For example, the following Dockerfile and Singularity recipe files are generated from the same two-line, high-level HPCCM recipe using the included OpenMPI building block. The OpenMPI building block has a number of configuration options, only some of which are shown below, to customize the configuration, building, and installation.

 

Stage0 += baseimage(image='nvidia/cuda:9.0-devel', _as='devel')
Stage0 += openmpi(cuda=True, infiniband=True, prefix='/usr/local/openmpi',
                  version='3.0.0')

[Basic HPCCM recipe]

 

FROM nvidia/cuda:9.0-devel AS devel

# OpenMPI version 3.0.0
RUN apt-get update -y && \
    apt-get install -y --no-install-recommends \
        file \
        hwloc \
        openssh-client \
        wget && \
    rm -rf /var/lib/apt/lists/*
RUN mkdir -p /tmp && wget -q --no-check-certificate -P /tmp https://www.open-mpi.org/software/ompi/v3.0/downloads/openmpi-3.0.0.tar.bz2 && \
    tar -x -f /tmp/openmpi-3.0.0.tar.bz2 -C /tmp -j && \
    cd /tmp/openmpi-3.0.0 && ./configure --prefix=/usr/local/openmpi --disable-getpwuid --enable-orterun-prefix-by-default --with-cuda --with-verbs && \
    make -j4 && \
    make -j4 install && \
    rm -rf /tmp/openmpi-3.0.0.tar.bz2 /tmp/openmpi-3.0.0
ENV PATH=/usr/local/openmpi/bin:$PATH \
    LD_LIBRARY_PATH=/usr/local/openmpi/lib:$LD_LIBRARY_PATH

[Dockerfile generated from the basic HPCCM recipe]

 

BootStrap: docker
From: nvidia/cuda:9.0-devel

# OpenMPI version 3.0.0
%post
    apt-get update -y
    apt-get install -y --no-install-recommends \
        file \
        hwloc \
        openssh-client \
        wget
    rm -rf /var/lib/apt/lists/*
%post
    mkdir -p /tmp && wget -q --no-check-certificate -P /tmp https://www.open-mpi.org/software/ompi/v3.0/downloads/openmpi-3.0.0.tar.bz2
    tar -x -f /tmp/openmpi-3.0.0.tar.bz2 -C /tmp -j
    cd /tmp/openmpi-3.0.0 && ./configure --prefix=/usr/local/openmpi --disable-getpwuid --enable-orterun-prefix-by-default --with-cuda --with-verbs
    make -j4
    make -j4 install
    rm -rf /tmp/openmpi-3.0.0.tar.bz2 /tmp/openmpi-3.0.0
%environment
    export PATH=/usr/local/openmpi/bin:$PATH
    export LD_LIBRARY_PATH=/usr/local/openmpi/lib:$LD_LIBRARY_PATH

[Singularity recipe file generated from the basic HPCCM recipe]

 

Base Recipes as a Starting Point for HPC Application Containers

Several “base container” recipes are included with HPCCM and are an excellent starting point for HPC containers. These base recipes include fundamental HPC components such as a compiler, an MPI library, CUDA, Mellanox OFED, and other components typically found in an HPC software stack.

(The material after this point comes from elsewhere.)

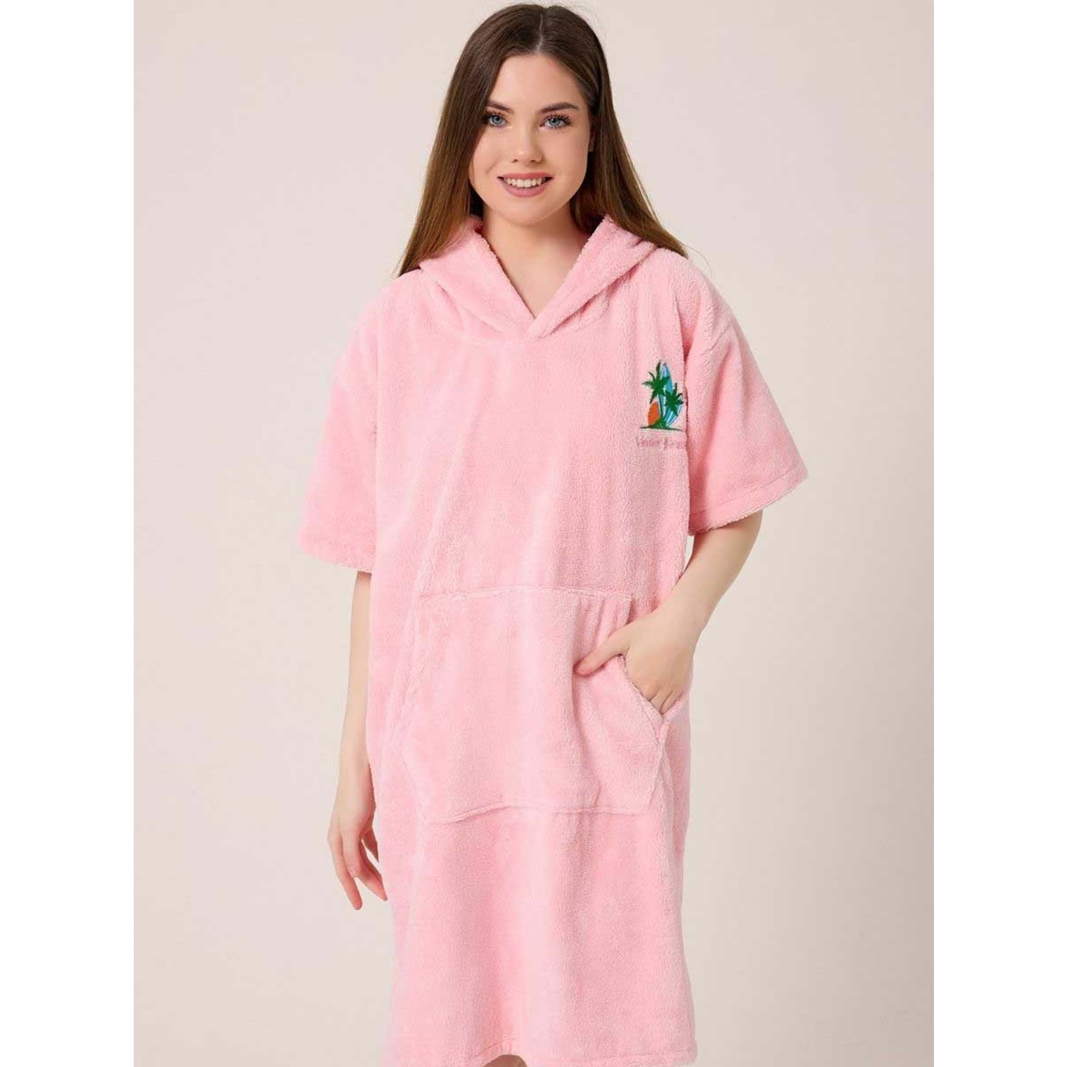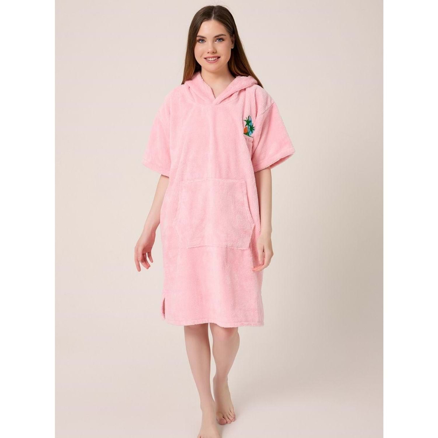 Palmiye Sörf Nakışlı Yetişkin Sörf Yazlık Panço Kapüşonlu Plaj Havlusu PUDRA

The “MPI Bandwidth” sample program from the Lawrence Livermore National Laboratory (LLNL) will be used as a proxy application to illustrate how one can use HPCCM base recipes to create an application container.

First, generate a Dockerfile from one of the base images and use Docker to create a local container image named baseimage. The build may take a while since a number of HPC components need to be downloaded and built. Please note that these steps assume that the user is part of the docker group and hence doesn’t need to prefix each docker command with sudo.

 

$ hpccm.py --recipe recipes/hpcbase-gnu-openmpi.py --single-stage > Dockerfile.baseimage
$ docker build -t baseimage -f Dockerfile.baseimage .

 

Use the newly created base container image as the starting point for the application Dockerfile. In this case, the Dockerfile to build the MPI Bandwidth proxy application is trivial when the starting point is a container image with an MPI library; just copy the source file into the container and build it using the MPI compiler wrapper. Create a file named Dockerfile.baseimage-mpi_bandwidth with the following content.

 

FROM baseimage

# MPI Bandwidth "application"
COPY mpi_bandwidth.c /tmp/mpi_bandwidth.c
RUN mkdir -p /workspace && \
    mpicc -o /workspace/mpi_bandwidth /tmp/mpi_bandwidth.c

 

Build the application container image using Docker.

 

$ docker build -t baseimage-mpi_bandwidth -f Dockerfile.baseimage-mpi_bandwidth .

 

Finally, run the containerized MPI Bandwidth proxy application.

 

$ nvidia-docker run --rm -ti baseimage-mpi_bandwidth mpirun --allow-run-as-root -n 2 /workspace/mpi_bandwidth

******************** MPI Bandwidth Test ********************
Message start size= 100000 bytes
Message finish size= 1000000 bytes
Incremented by 100000 bytes per iteration
Roundtrips per iteration= 100
MPI_Wtick resolution = 1.000000e-09
************************************************************
task    0 is on dbcb15aff446 partner=   1
task    1 is on dbcb15aff446 partner=   0
************************************************************
...
***Message size:  1000000 *** best /  avg / worst (MB/sec)
   task pair:    0 - 1: 8754.23 / 8641.50 / 6640.06
   OVERALL AVERAGES:          8754.23 / 8641.50 / 6640.06

 

Alternatively, the steps to build the MPI Bandwidth proxy application could have been added to the end of Dockerfile.baseimage for a single, self-contained HPC application Dockerfile. Doing this would also allow unused components from the general-purpose base image to be removed to reduce the size of the application container image.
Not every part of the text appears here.